**Problem to solve**
From the material below, retype exactly the lines that begin at the line with "Questo collage vintage" and end after the line with "وهي الجامع بين"; pictures stay out of the copy.

**Data provided**
<<<<

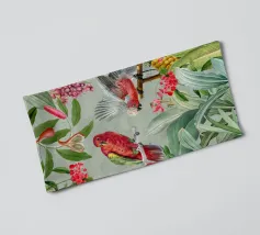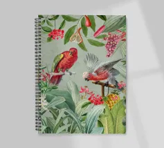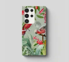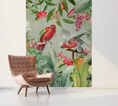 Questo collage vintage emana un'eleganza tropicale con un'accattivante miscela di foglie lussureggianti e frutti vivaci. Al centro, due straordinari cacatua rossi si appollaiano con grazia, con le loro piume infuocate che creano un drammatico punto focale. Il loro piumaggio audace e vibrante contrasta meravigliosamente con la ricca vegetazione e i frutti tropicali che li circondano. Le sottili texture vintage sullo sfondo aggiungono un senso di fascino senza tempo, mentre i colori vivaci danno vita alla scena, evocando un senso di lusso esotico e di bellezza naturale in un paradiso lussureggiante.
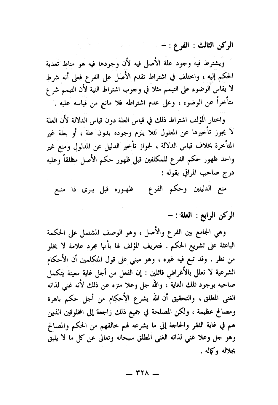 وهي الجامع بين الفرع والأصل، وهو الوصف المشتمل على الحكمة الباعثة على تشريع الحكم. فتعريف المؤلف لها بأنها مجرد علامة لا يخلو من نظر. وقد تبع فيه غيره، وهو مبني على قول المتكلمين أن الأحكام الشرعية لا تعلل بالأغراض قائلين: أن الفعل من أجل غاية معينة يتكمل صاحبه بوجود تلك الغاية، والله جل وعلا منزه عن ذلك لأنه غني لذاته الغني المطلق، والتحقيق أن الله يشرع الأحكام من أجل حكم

>>>>
<<<<

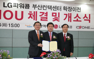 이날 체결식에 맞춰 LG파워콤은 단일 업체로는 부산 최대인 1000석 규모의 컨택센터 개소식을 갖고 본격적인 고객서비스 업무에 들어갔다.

>>>>

**Exercise answer**
 Questo collage vintage emana un'eleganza tropicale con un'accattivante miscela di foglie lussureggianti e frutti vivaci. Al centro, due straordinari cacatua rossi si appollaiano con grazia, con le loro piume infuocate che creano un drammatico punto focale. Il loro piumaggio audace e vibrante contrasta meravigliosamente con la ricca vegetazione e i frutti tropicali che li circondano. Le sottili texture vintage sullo sfondo aggiungono un senso di fascino senza tempo, mentre i colori vivaci danno vita alla scena, evocando un senso di lusso esotico e di bellezza naturale in un paradiso lussureggiante.
 وهي الجامع بين الفرع والأصل، وهو الوصف المشتمل على الحكمة الباعثة على تشريع الحكم. فتعريف المؤلف لها بأنها مجرد علامة لا يخلو من نظر. وقد تبع فيه غيره، وهو مبني على قول المتكلمين أن الأحكام الشرعية لا تعلل بالأغراض قائلين: أن الفعل من أجل غاية معينة يتكمل صاحبه بوجود تلك الغاية، والله جل وعلا منزه عن ذلك لأنه غني لذاته الغني المطلق، والتحقيق أن الله يشرع الأحكام من أجل حكم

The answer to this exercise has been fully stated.